Save the date: Rapture will come Saturday
-
According to 89-year-old evangelical Harold Camping, all the faithful will be Raptured at 6pm on Saturday, May 21. Seems like news you could use, if only to make the appropriate decisions re: dessert & alcohol consumption on Friday. Camping has used “complex mathematical formulas” to arrive at that date — they’re the same formulas that previously gave him a Rapture date in September of ’94, so you know they’re scientific.
According to this article in the Denver Post:
By the end of the week, people will quit talking about the billboards proclaiming: “Judgment Day May 21.”
The doomsday ad campaign, on billboards and at bus stops coast to coast, is courtesy of Family Radio, a California-based nonprofit Christian network.
The campaign also launched an armada of colorful end-times vans and RVs, of which at least one has been circling Denver’s Civic Center like a vulture. …
Undaunted by the lack of support from the religious mainstream, the Family Radio website offers up Camping’s mathematical formulas as proof that May 21 is the big day.
So there you are. These things happen often enough that it’s not really blogworthy, though of course everyone wants to hang out with these guys on the big day just to see how they handle the whole reality thing. It’s one of the few place where atheists and lower-case-o orthodox Christians would agree.
Or so I think. Interesting to view these charts at the bottom of the story.
Based on a Salt Lake City survey of about 1,000 Christians, white evangelicals are twice as likely as other Protestants, Catholics and non-Christians to think that recent natural disasters are evidence that we’re coming to the end of the road.
And we Orthodox didn’t get asked, of course. Just as well — we’d skew their outcome. I believe the Orthodox teaching is that the entire Church Age is, in fact, the “end times” that was referred to in the Book of Revelation. That’s what I think I’ve heard, but I’m open for correction on that point.
As to whether all the good people are going to get taken up to be with the Lord on Saturday night … I think I might need to get talked into it.
Related posts:
- Bright Saturday … now, what did you forget?
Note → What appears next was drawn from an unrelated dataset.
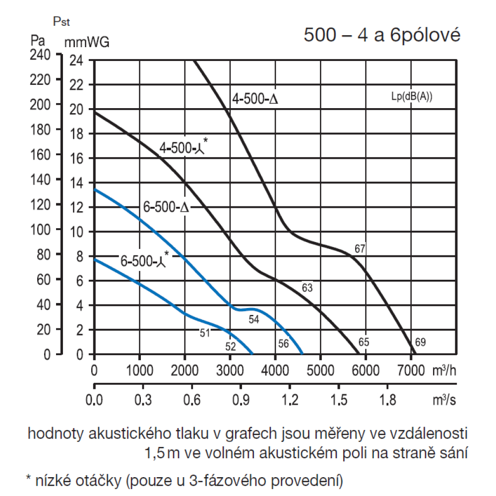 Die vom Ventilator abgestrahlten Geräusche sind in den Tabellen als Schalldruckwerte in 1,5 m Entfernung angegeben, gemessen im freien Schallfeld.
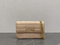 【P1650】Celine包包货源 赛琳2022新款羊皮格纹链条单肩腋下包 111723裸色

- Introducing Orthodoxy in 50 words or less
- Being “taken care of” by Muslims
- More about Christian percentages
- Congregational singing: Can I get an AMEN?

6 Responses and Counting...
you said: “And we Orthodox didn’t get asked, of course. Just as well — we’d skew their outcome. I believe the Orthodox teaching is that the entire Church Age is, in fact, the “end times” that was referred to in the Book of Revelation. That’s what I think I’ve heard, but I’m open for correction on that point. :”
That’s the teaching I’ve heard as well.
It depends on who you talk to. There are plenty of “apocalyptic prognosticators” in Orthodoxy too, and not just converts. Most of the Ephraimite monasteries in America and more ahem “traditionalist” Orthodox folks believe we are in the end times and they pretty much teach the same stuff you hear from fringe Protestants about bar codes, implants, credit cards etc. being marks of the beast and on and on. So it would depend on who you talk to within Orthodoxy.
So how do you like this amazing post-apocalyptic world? Not quite what I was expecting, somehow.
Ask most Christians how many they thing are truly saved. Around here many would guess about %10.
So..
Jesus saves, but he also burns and torturers in the lake of fire forever.
Nine times out of ten Jesus is here to burn you forever for your sins.
That’s the kind of God you serve and worship. It’s no wonder the Bible says most of the world will try to kill him in the battle of Armageddon. Imagine if we were able to kill the butcher. What a wonderful world we could have without people being cast into hell.
Reincarnation seems a whole lot better, when you compute the high cost of Jesus’s ‘LOVE’.
LOL. Now there’s a theory. The Rapture happened, but apart from a couple Scottish terriers, no one made the cut.
Actually, you’ll want to hold onto your hat for this one. Just heard that the guy who started all this says now that he was wrong … about the math, that is. New Rapture date: October 21. So there you go.
(BTW, sorry I didn’t post this reply earlier. Went out of town and forgot that the new template doesn’t post comments until I approve them.)
Really? I haven’t heard much from Orthodox friends along those lines, but then, I’m sampling a lot smaller group than all the people you would’ve heard from. I suppose everyone wants to believe that they can see the finish line from where they are.
Well, there’s another blog post in here somewhere, so I better collect up my thoughts and get on it.